Definition of "permitted matter"
Section 19 of the
Biosecurity Act 2019 (the Act) defines
“permitted matter” as follows:
19. Permitted matter
(1) The Minister may, by notice published in the
Gazette, declare any biosecurity matter, or class of biosecurity matter, to be
permitted matter if the Minister is satisfied on reasonable grounds that –
(a) the biosecurity matter, or class of biosecurity matter, does not pose a biosecurity risk to Tasmania or a part of Tasmania; or
(b) any biosecurity risk posed by the biosecurity matter, or class of biosecurity matter, is not significant and is able to be effectively controlled.
(2) A declaration under this section may be made subject to such conditions, requirements or restrictions in respect of biosecurity matter, or class of biosecurity matter, as the Minister considers reasonable in the circumstances.
Permitted matter comprises mainly beneficial or commercially valuable products and goods that have been assessed to present a low biosecurity risk to Tasmania.
Permitted matter may be imported into Tasmania without any specific permit restrictions or requirements. However, the general biosecurity duty (GBD) will still apply to all dealings with all biosecurity matter and carriers, including permitted matter.
Current list of permitted matter
The biosecurity matter (plants, animals and associated products) that have been declared permitted matter under section 19 of the Act are listed below.

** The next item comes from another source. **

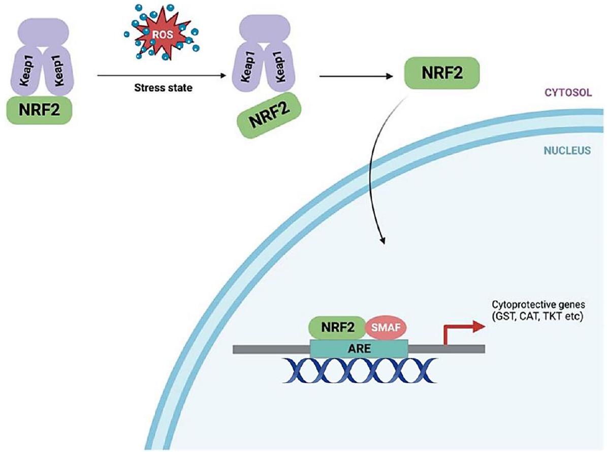 | NRF2 | Initiates cytoprotective mechanisms by binding with sMAF proteins and ARE in the nucleus | Activates expression of cytoprotective genes | Colorectal, Breast, Liver, Gall Bladder, Prostate, Gastric, Ovarian, and Lung | [57] [7] [58] [60]; ;,[59]; |
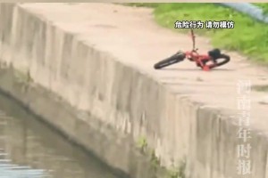 小孩意外落水深陷水中挣扎,热心路人见状抄起渔网火速施救

1. The following classes of consumer goods intended for human consumption, or animal consumption, have been declared permitted matter:
(a) commercially produced dried nuts;
(b) commercially produced honey that has been filtered to a maximum 2 mm pore size; (excluding raw honeycomb and raw beeswax);
(c) processed plant-based foods including commercially dried and/or cooked fruits and vegetables, herbs and spices, juices, jams, sauces, sugars, and edible oils;
(d) commercially produced eggs and egg products (fresh or powdered);
(e) hard frozen fruit and vegetables;
(f) freeze-dried camping foods (excluding dried seafood);
(g) baked goods including biscuits, breads and pastries;
(h) processed ready-to-eat meat for human/personal consumption including salami, hams and meat sticks (excluding seafood);
(i) canned seafood and meat products;
(j) cheese, milk, yoghurt, ice cream and other processed dairy products (fresh or powdered);
(k) noodles, pasta, rice, flour and other dried cereals;
(l) tea, coffee, wine, beer, cordial and other bottled or packaged beverages (liquid or powdered);
(m) processed baby food and baby formula;
(n) any animal or plant product contained in a commercially produced human or veterinary medicine that may lawfully be used in Tasmania; and
(o) commercially produced pet food (canned or dried, excluding dried seafood).

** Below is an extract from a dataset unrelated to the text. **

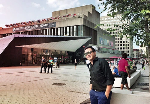 Đạo diễn Nguyễn Quang Tuyến trước khuôn viên nhà hát diễn ra WMFF. Ảnh nhân vật cung cấp

2. The following classes of live animals and animal products have been declared permitted matter:
(a) domestic cats (excluding feral, wild or hybrid cat species);
(b) horses and donkeys;
(c) hamsters and guinea pigs;
(d) chickens, ducks, geese and other domestic poultry and poultry hatching eggs;
(e) any animal product from an animal referred to in (a) – (d).

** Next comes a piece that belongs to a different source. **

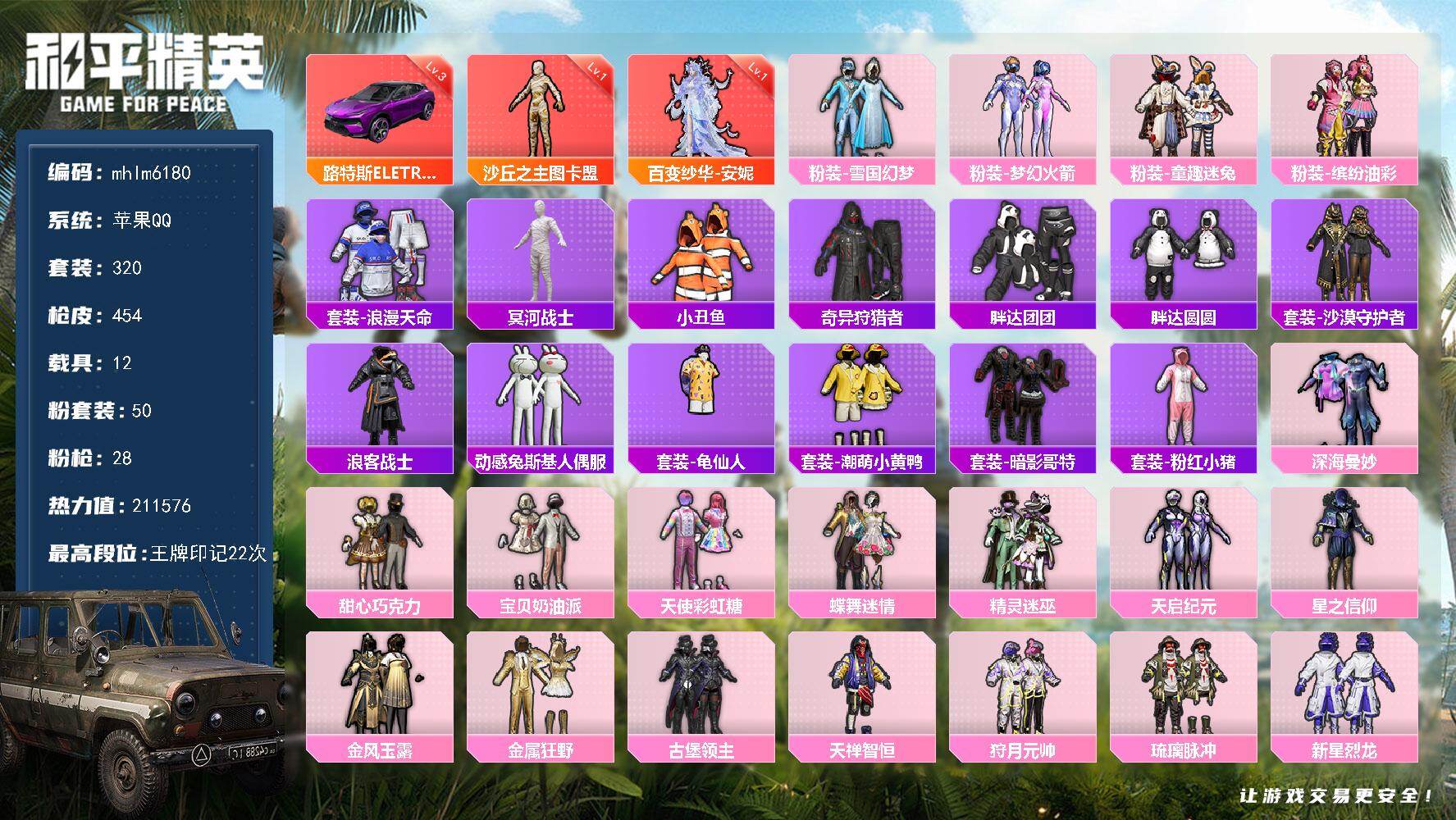 【mhlm6180】苹果 手Q-2神装-50粉装-28特效枪-12载具-22粉

3. The following classes of animal and plant products commonly found in manufactured goods other than food, or used for domestic and industrial purposes, have been declared permitted matter:
(a) tanned or treated skins and hides (all) including antlers and horns;
(b) treated plant and animal-based textiles or fibres (for example wool, feathers, cotton, hemp, paper, flax, fur, hair and leather) in commercially manufactured items such as wigs, clothing, footwear, accessories, manchester, print-publications and upholstery (excluding raw timber, restricted animal fittings, used fishing equipment, and restricted horticultural material);
(c) treated animal and plant products (for example honey, beeswax, essential oils, lanolin, and gelatine) in commercially manufactured make-up, perfumes, shampoos, salves, tinctures, topical medicines and other cosmetic and/or therapeutic goods;
(d) treated animal and plant products (for example beeswax, essential oils, and pigments) in commercially manufactured dyes, candles, glues, paints, incense, cleaning products and other similar household and industrial chemical products;
(e) treated animal and plant products (for example cardboard, rope, rubber, treated timber and timber products) in commercially manufactured packaging, furniture, tools, equipment, and construction/manufacturing materials (excluding raw timber, restricted animal fittings, and restricted horticultural material).